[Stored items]

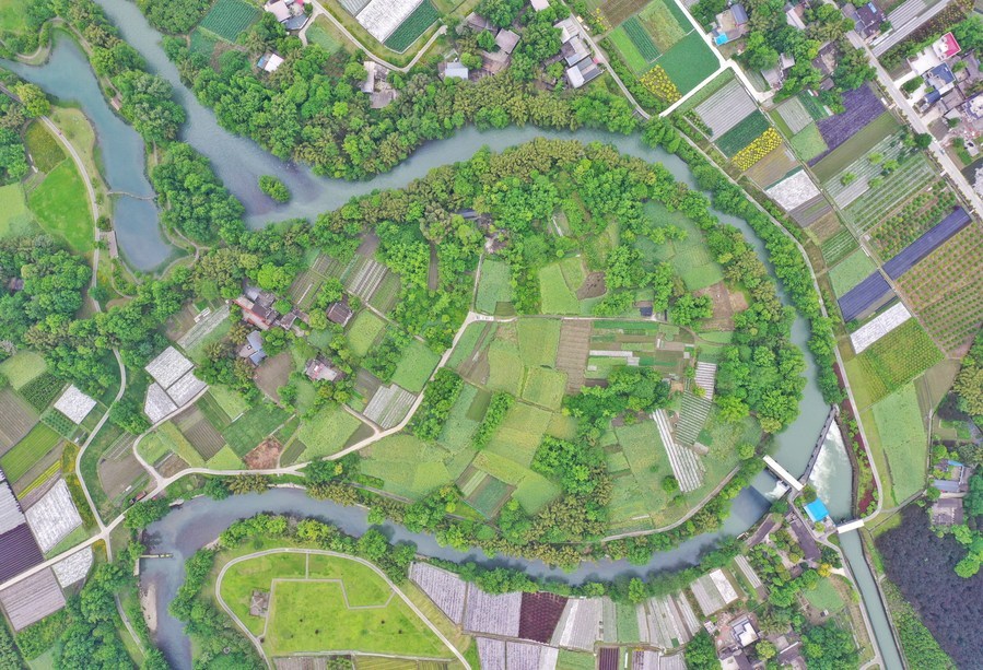 图为4月18日在成都市郫都区安宁村拍摄的徐堰河。(无人机照片)新华社记者 刘坤 摄
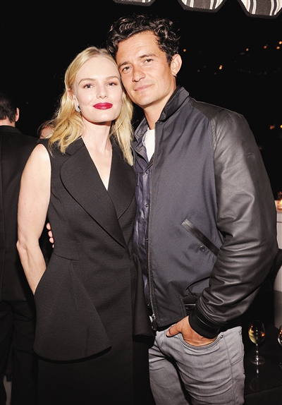 9月24日,洛杉矶,“精灵王子”布鲁姆在酒会中紧搂凯特·波茨沃斯合影,凯特是他在2002年至2006年的正牌女友。
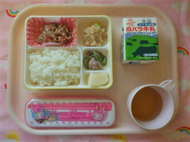 鳥取県の名産☆梨の登場(2018/9/3) ★ ごはん ◆●牛もやし炒め ◆●卯の花 ● ゆかり和え ● 梨 ※あたたかいご飯はおかわり自由です。 ※牛乳は年長・年中希望者のみです。 ★熱や力になるもの ◆血や肉になるもの ●体の調子を整えるもの ツイート
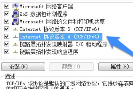 6、在网卡的属性窗口中,找到“TCP/IPV4”选项,双击打开它的属性,如图所示
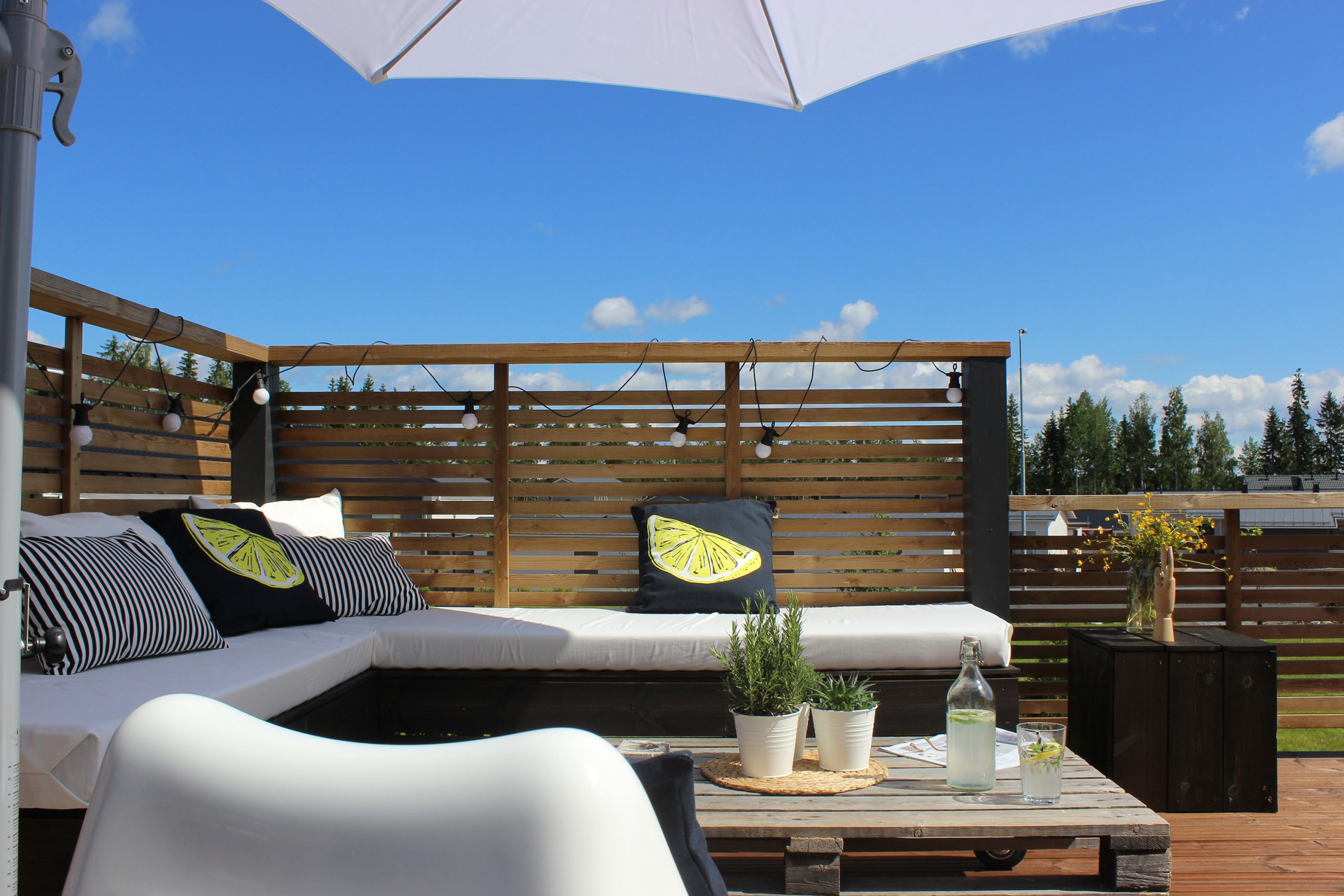 Paritalon terassin ja kalusteiden suunnittelu, sekä tekstiilien suunnittelu ja valmistus. Terassin stailaus toteutettiin blogiyhteistyössä Ateljee Keltaisen Talon kanssa.
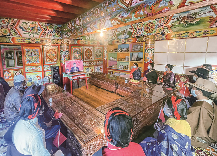 道孚縣麻孜鄉(xiāng)村民集中收看黨的二十大開幕會。
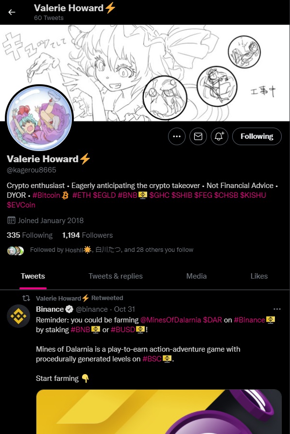Mira un ejemplo. Esta cuenta era obviamente de una persona japonesa que realmente amaba dibujar a Remilia, pero ahora publica en inglés y está promocionando nada más que criptomonedas. Una de las últimas publicaciones que les quedan también está en japonés.
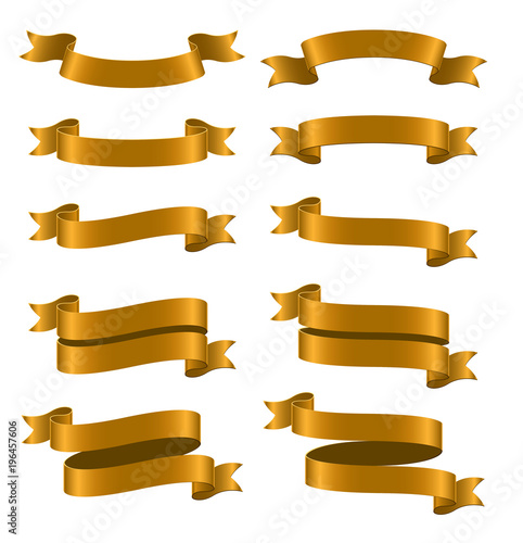 Set of brown ribbon banners on white background
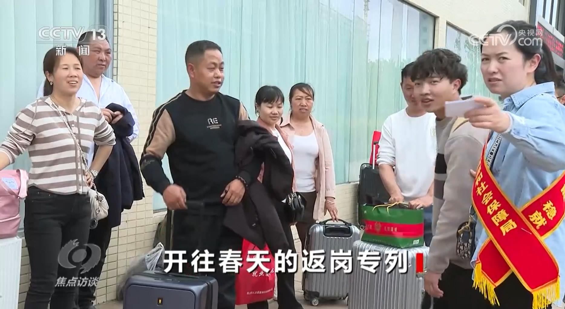 央視網(wǎng)消息(焦點(diǎn)訪談):春節(jié)假期一過,各地迎來了務(wù)工人員返崗高峰期。各地各部門組織的返崗專列、專車、專機(jī),頻繁穿梭在繁忙的交通線上。作為勞務(wù)輸出大省,貴州省跨省務(wù)工的農(nóng)村勞動(dòng)力常年動(dòng)態(tài)保持在600萬人左右,務(wù)工收入占到了農(nóng)村家庭總收入四成以上,占脫貧勞動(dòng)力家庭收入七成以上。大量的務(wù)工人員集中在節(jié)后要趕往千里之外的工作地點(diǎn),有的還要找崗位,怎么幫助他們呢?
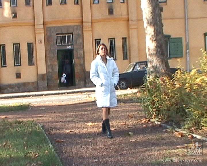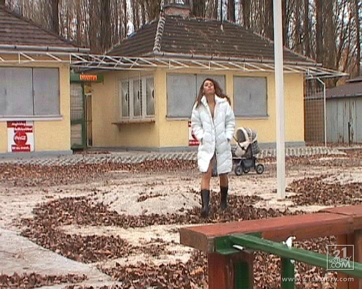 Betty Saint takes her sexy white coat off and teases us with her perky breasts.
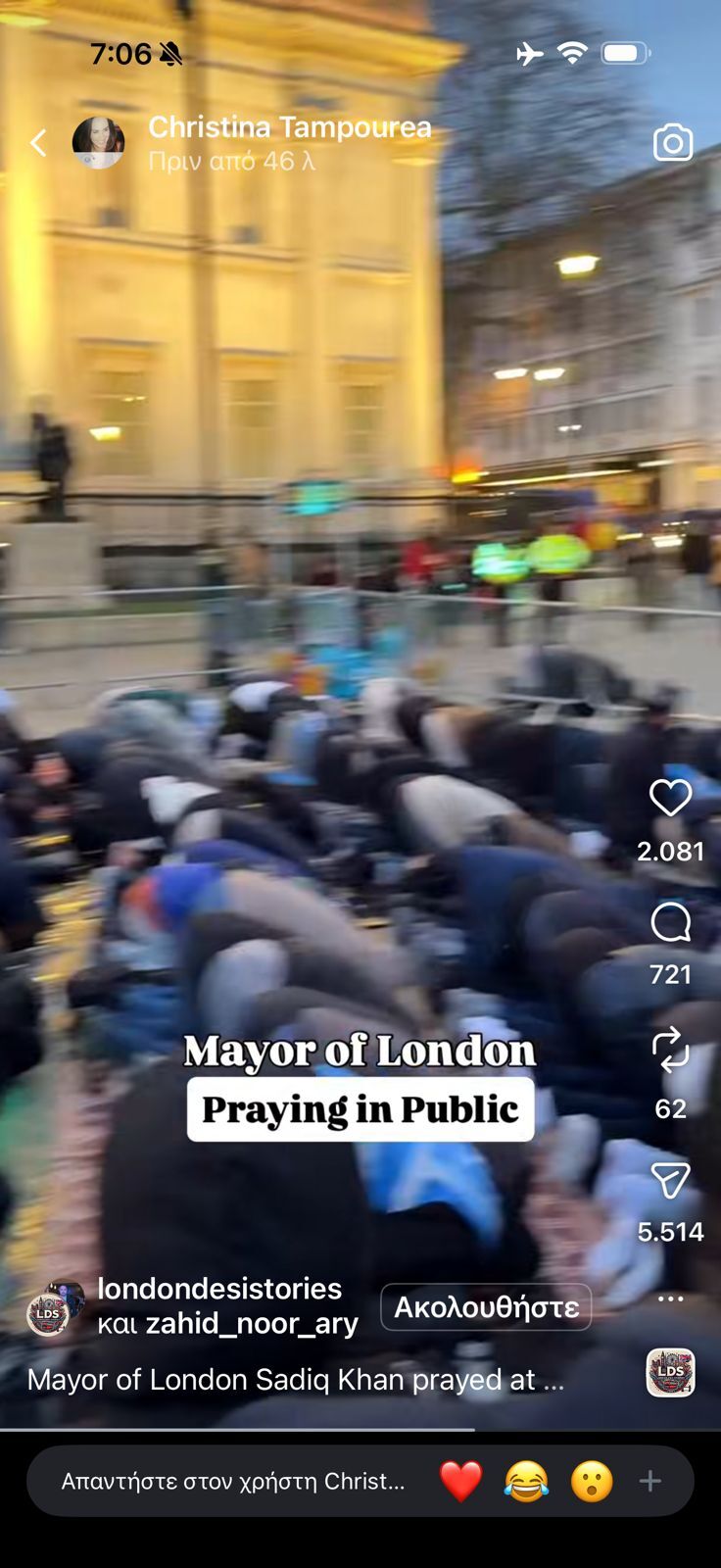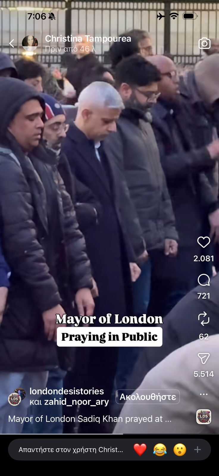 Ο 55χρόνος Καν υπηρετεί ως Δήμαρχος του Λονδίνου από το 2016 και συμμετείχε στην προσευχή των Μουσουλμάνων στην Πλατεία Τραφάλγκαρ του Λονδίνου μπροστά από την εθνική Πινακοθήκη.

◆ Requirement
Give every entry above again, exactly, and keep all pictures out of it.

◆ Task output
 图为4月18日在成都市郫都区安宁村拍摄的徐堰河。(无人机照片)新华社记者 刘坤 摄
 9月24日,洛杉矶,“精灵王子”布鲁姆在酒会中紧搂凯特·波茨沃斯合影,凯特是他在2002年至2006年的正牌女友。
 鳥取県の名産☆梨の登場(2018/9/3) ★ ごはん ◆●牛もやし炒め ◆●卯の花 ● ゆかり和え ● 梨 ※あたたかいご飯はおかわり自由です。 ※牛乳は年長・年中希望者のみです。 ★熱や力になるもの ◆血や肉になるもの ●体の調子を整えるもの ツイート
 6、在网卡的属性窗口中,找到“TCP/IPV4”选项,双击打开它的属性,如图所示
 Paritalon terassin ja kalusteiden suunnittelu, sekä tekstiilien suunnittelu ja valmistus. Terassin stailaus toteutettiin blogiyhteistyössä Ateljee Keltaisen Talon kanssa.
 道孚縣麻孜鄉(xiāng)村民集中收看黨的二十大開幕會。
Mira un ejemplo. Esta cuenta era obviamente de una persona japonesa que realmente amaba dibujar a Remilia, pero ahora publica en inglés y está promocionando nada más que criptomonedas. Una de las últimas publicaciones que les quedan también está en japonés.
 Set of brown ribbon banners on white background
 央視網(wǎng)消息(焦點(diǎn)訪談):春節(jié)假期一過,各地迎來了務(wù)工人員返崗高峰期。各地各部門組織的返崗專列、專車、專機(jī),頻繁穿梭在繁忙的交通線上。作為勞務(wù)輸出大省,貴州省跨省務(wù)工的農(nóng)村勞動(dòng)力常年動(dòng)態(tài)保持在600萬人左右,務(wù)工收入占到了農(nóng)村家庭總收入四成以上,占脫貧勞動(dòng)力家庭收入七成以上。大量的務(wù)工人員集中在節(jié)后要趕往千里之外的工作地點(diǎn),有的還要找崗位,怎么幫助他們呢?
 Betty Saint takes her sexy white coat off and teases us with her perky breasts.
 Ο 55χρόνος Καν υπηρετεί ως Δήμαρχος του Λονδίνου από το 2016 και συμμετείχε στην προσευχή των Μουσουλμάνων στην Πλατεία Τραφάλγκαρ του Λονδίνου μπροστά από την εθνική Πινακοθήκη.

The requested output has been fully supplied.